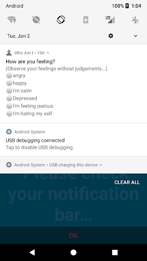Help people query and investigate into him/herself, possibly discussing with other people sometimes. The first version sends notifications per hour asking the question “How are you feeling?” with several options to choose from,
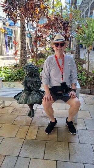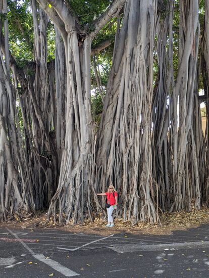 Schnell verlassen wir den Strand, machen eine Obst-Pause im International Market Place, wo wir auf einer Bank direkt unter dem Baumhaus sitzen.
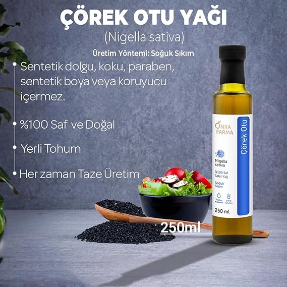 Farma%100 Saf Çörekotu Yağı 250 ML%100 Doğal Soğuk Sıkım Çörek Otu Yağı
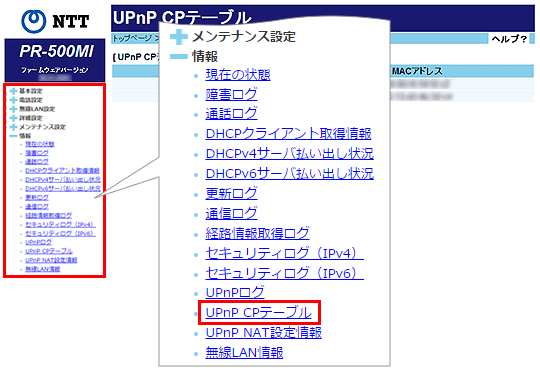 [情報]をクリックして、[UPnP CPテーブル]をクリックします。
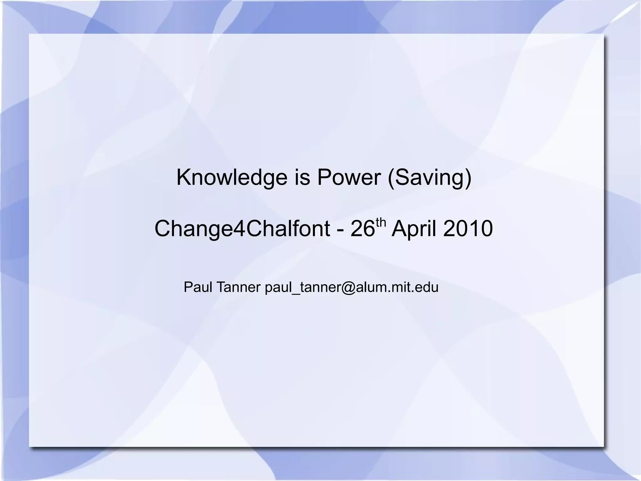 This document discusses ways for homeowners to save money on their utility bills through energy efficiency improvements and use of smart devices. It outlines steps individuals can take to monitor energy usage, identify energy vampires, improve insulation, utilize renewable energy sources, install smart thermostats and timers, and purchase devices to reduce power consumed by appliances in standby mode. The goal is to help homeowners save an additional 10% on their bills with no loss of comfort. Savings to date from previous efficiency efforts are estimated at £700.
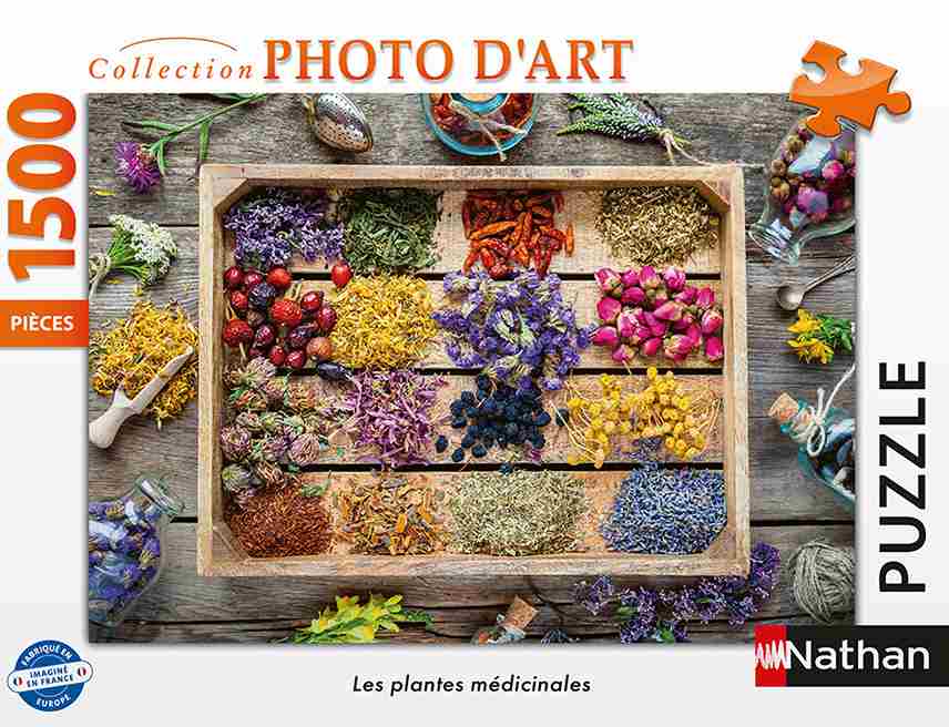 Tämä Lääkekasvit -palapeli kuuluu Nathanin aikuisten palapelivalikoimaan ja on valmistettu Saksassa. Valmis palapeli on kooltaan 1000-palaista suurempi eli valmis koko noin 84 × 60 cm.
---------------
**AIM OF THE EXERCISE:** Of the lines above, copy only those from the one holding "[情報]をクリックして、[UPnP CPテーブル]をクリックします。" to the one holding "This document discusses", both included, and exclude every image.

**ANSWER TO THIS EXERCISE:**
 [情報]をクリックして、[UPnP CPテーブル]をクリックします。
 This document discusses ways for homeowners to save money on their utility bills through energy efficiency improvements and use of smart devices. It outlines steps individuals can take to monitor energy usage, identify energy vampires, improve insulation, utilize renewable energy sources, install smart thermostats and timers, and purchase devices to reduce power consumed by appliances in standby mode. The goal is to help homeowners save an additional 10% on their bills with no loss of comfort. Savings to date from previous efficiency efforts are estimated at £700.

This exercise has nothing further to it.